Below are some example arguments for taking different attitudes toward switching based on the functional form that fits the two data points. For each of these, I will use the example that one envelope contains $4, and the other contains $8, though of course other numbers could work just as well.

Argument to be indifferent (adapted from Raymond Smullyan): One envelope has $x, and the other one has $x+$4. So if the envelope you picked has $y in it, the envelope you didn't pick either has $y+$4, or $y-$4, each with equal probability. So, the expected value in the other envelope is the average of $y+$4 and $y-$4, which is $y, so you should be indifferent to switching.

The argument to switch assumes that the function 2x described the relationship between the $4 and the $8, and this leads to an expected value of $1.25x in the "other" envelope. Smullyan's argument rests on the fact that instead of using 2x to describe the relationship between the $4 and the $8, we can use the function x+4 and get the rational result. Both functions fit the two data points equally well.
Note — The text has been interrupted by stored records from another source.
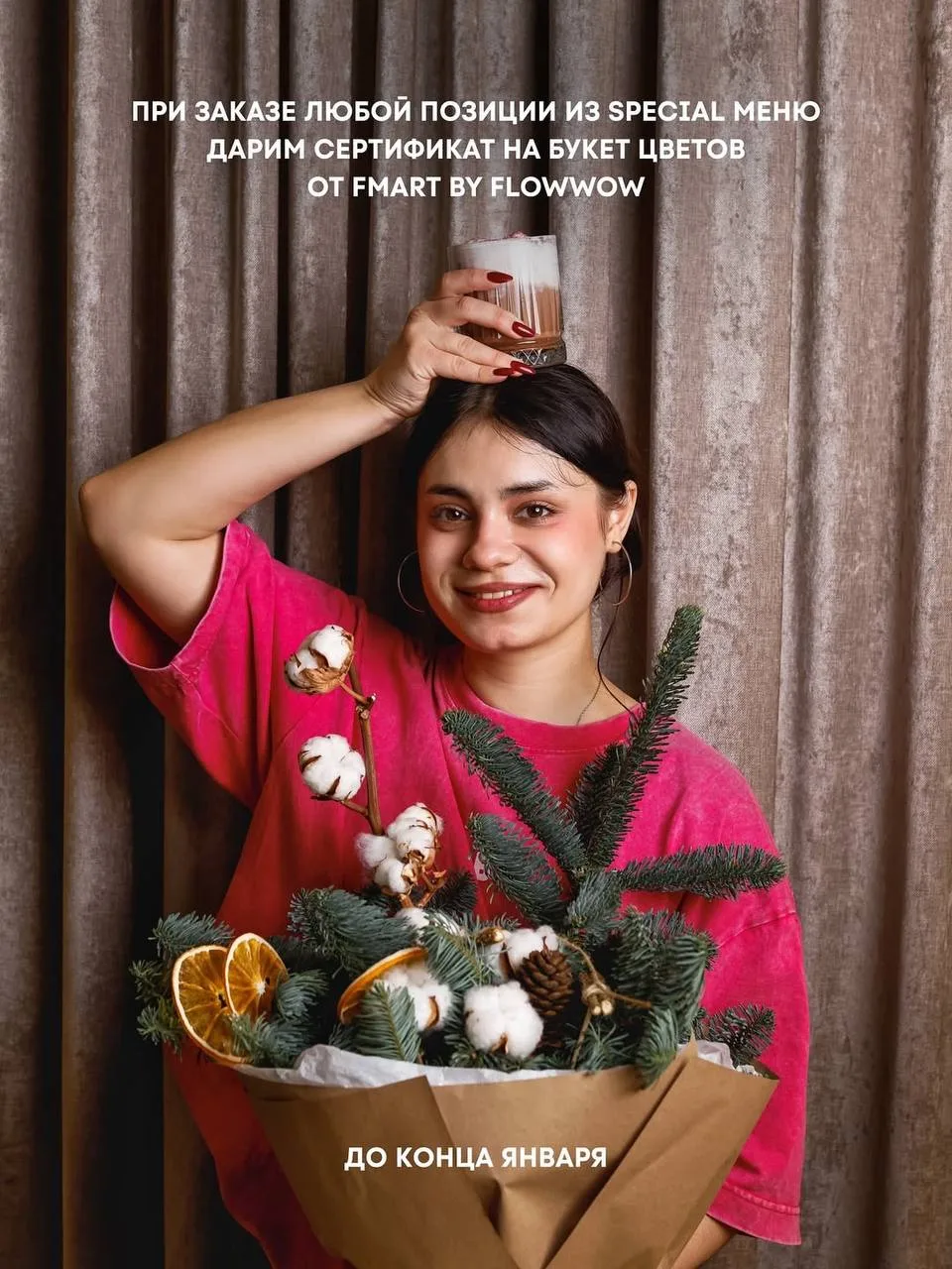 При заказе любой позиции из спешл-меню, вы получите сертификат на букет цветов от FMART by flowwow на сумму от 1000 ₽ до 5000 ₽. Сумма сертификата определяется случайно.
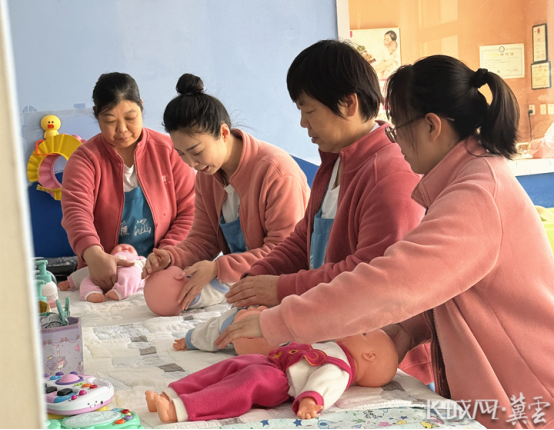 张青(左二)手把手教月嫂学习婴幼儿护理知识。
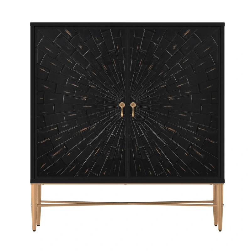 The Clihome Vintage Black Freestanding Utility Cabinet is a beacon of style transcending the ordinary storage solutions. Its captivating geometric patterns paint elegance against the backdrop of a chic industrial frame. Positioned in a living room or dining area, this cabinet offers both sophistication and practicality, instantly transforming any space. Its striking visuals paired with the charming metallic legs coalesce into a monument of luxury that’s as functional as it is aesthetically pleasing.
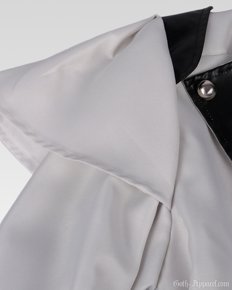 Crafted from polyester and vegan leather, this mens goth coat combines strength and refinement. Its structured shoulders, layered flaps, and buckle straps create a commanding gothic silhouette with a modern edge.
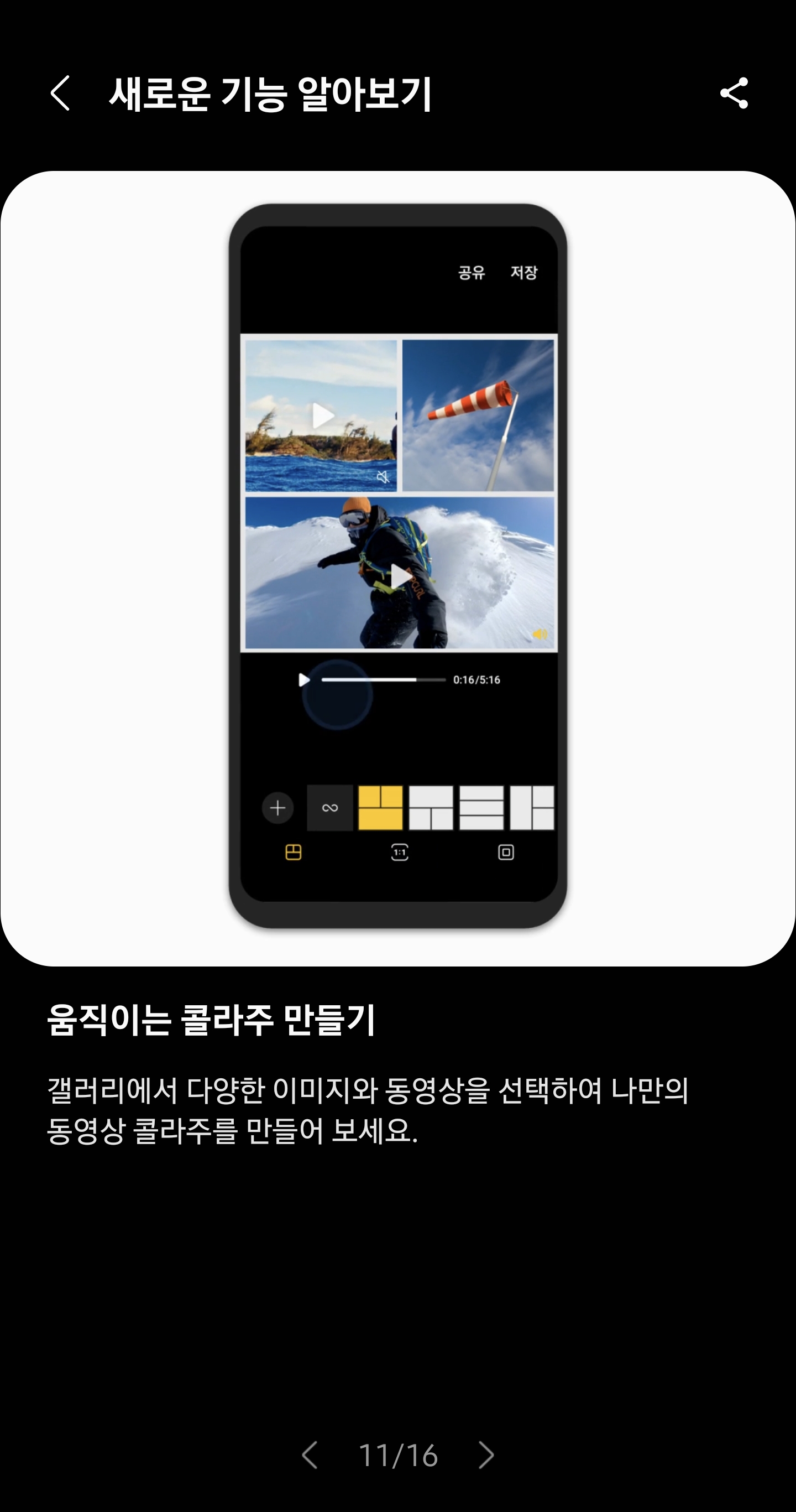 11. 갤러리 앱에서 꾸미기 기능중 콜라주 기능에서 동영상으로 콜라주를 만들수 있음.
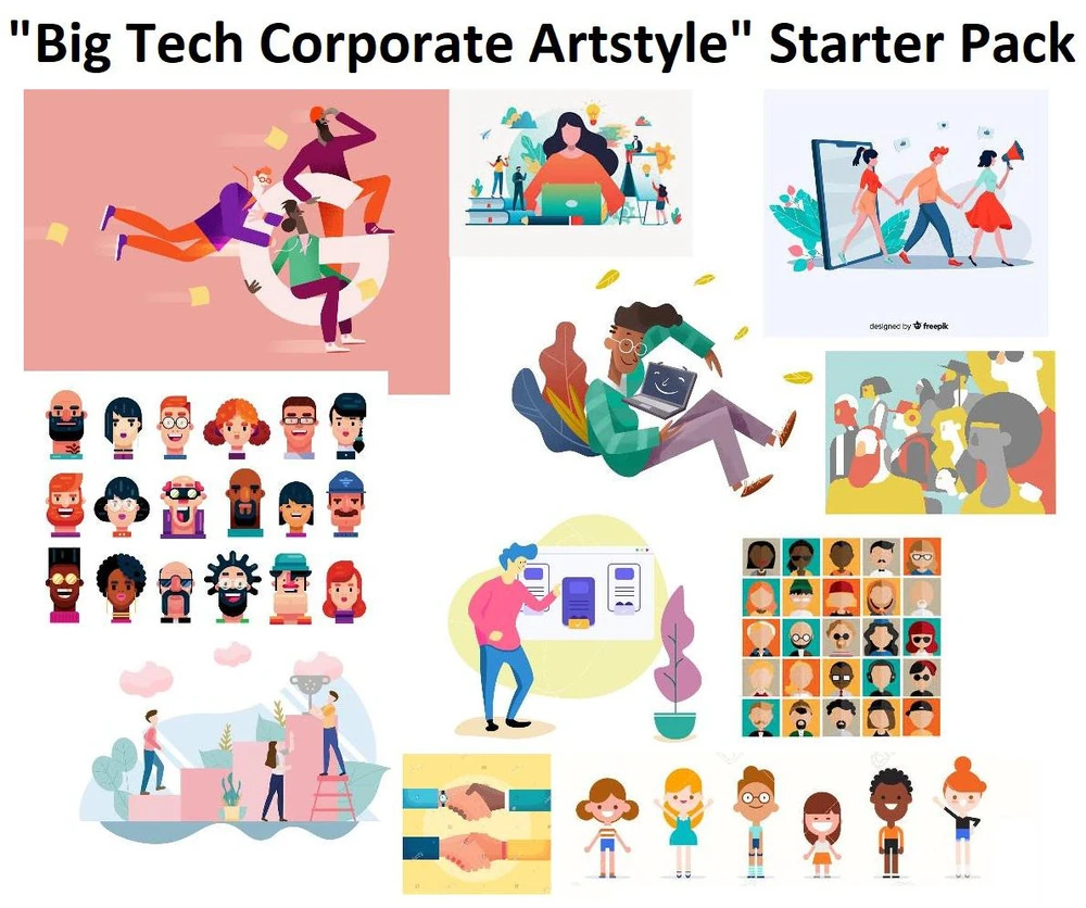 Corporate Memphis1 or Globohomo (global homogeneous) is an illustration style that rose to prominence in the late 2010s in Big Tech software. You probably recognise it. It’s characterised by flat color areas and geometric elements, with human figures rendered in a wide range of hues with disproportionate limbs and minimal facial features.
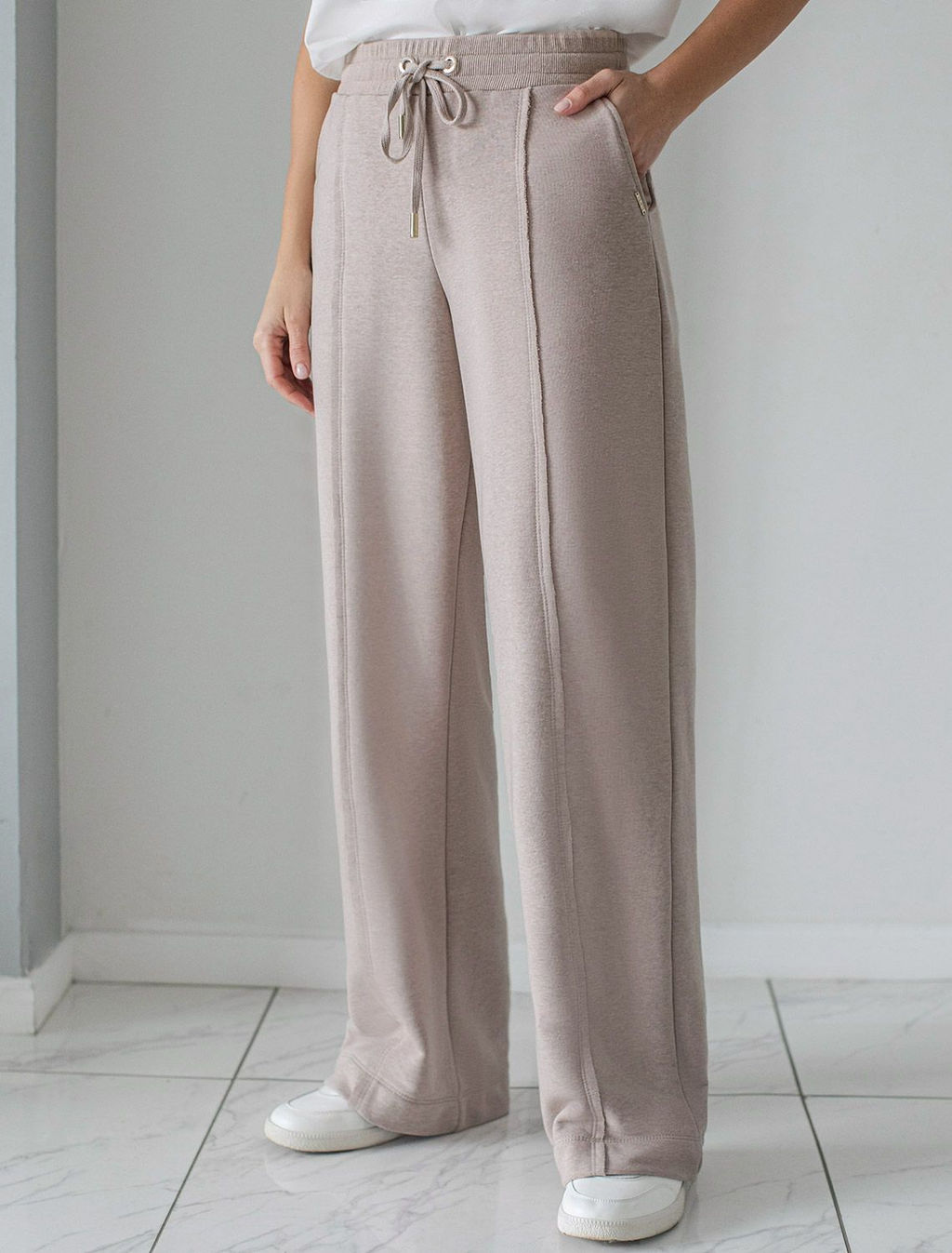 Брюки прямого кроя с удобным эластичным поясом на резинке и карманами по бокам выполнены из премиального футера-двухнитки. Наличие эластана в составе гарантирует комфорт и долговечность изделия, материал хорошо пропускает воздух, позволяя телу дышать.. Эти уютные брюки нежного цвета макиато с эффектом меланж созданы для вашего комфорта. Свободный прямой крой обеспечивает свободу движений и максимальное удобство в любых ситуациях, поэтому они подойдут и на большие размеры, а так же на высокий или низкий рост. Фигура подчеркивается, а силуэт визуально вытягивается за счет кроя палаццо и застроченных декоративных стрелок. Вы можете создать стильный образ на каждый день в сочетании с джемпером D49.139 и бомбером D49.141. В повседневных трикотажных брюках вы будете чувствовать себя комфортно и уверенно, наслаждаясь каждым моментом дня.­

The simple idea I have is to look at other functional forms of the relationship between the two quantities, and see what conclusions they lead to. I'll start with an argument to never switch.

Argument to never switch: The relationship between the money in the envelopes is log(exp(x)+2926.36). So, one envelope has $4, and the other envelope has log(exp(4)+2926.36)=$8. So if the envelope you picked has $y, the envelope you didn't pick either has log(exp(y)+2926.36), or log(exp(y)-2926.36), but since this function is concave, the expected value in the other envelope is less than $y! So you should never switch.

We could imagine many other possible functional forms that fit these two data points. For example, we could say that the function exp(x+0.6931472) describes the relationship between 4 and 8. Then, the expected value of switching is even higher than $1.25x - we want to switch even more than the original paradox described! All of the infinite possible functional forms will lead to different preferences for switching.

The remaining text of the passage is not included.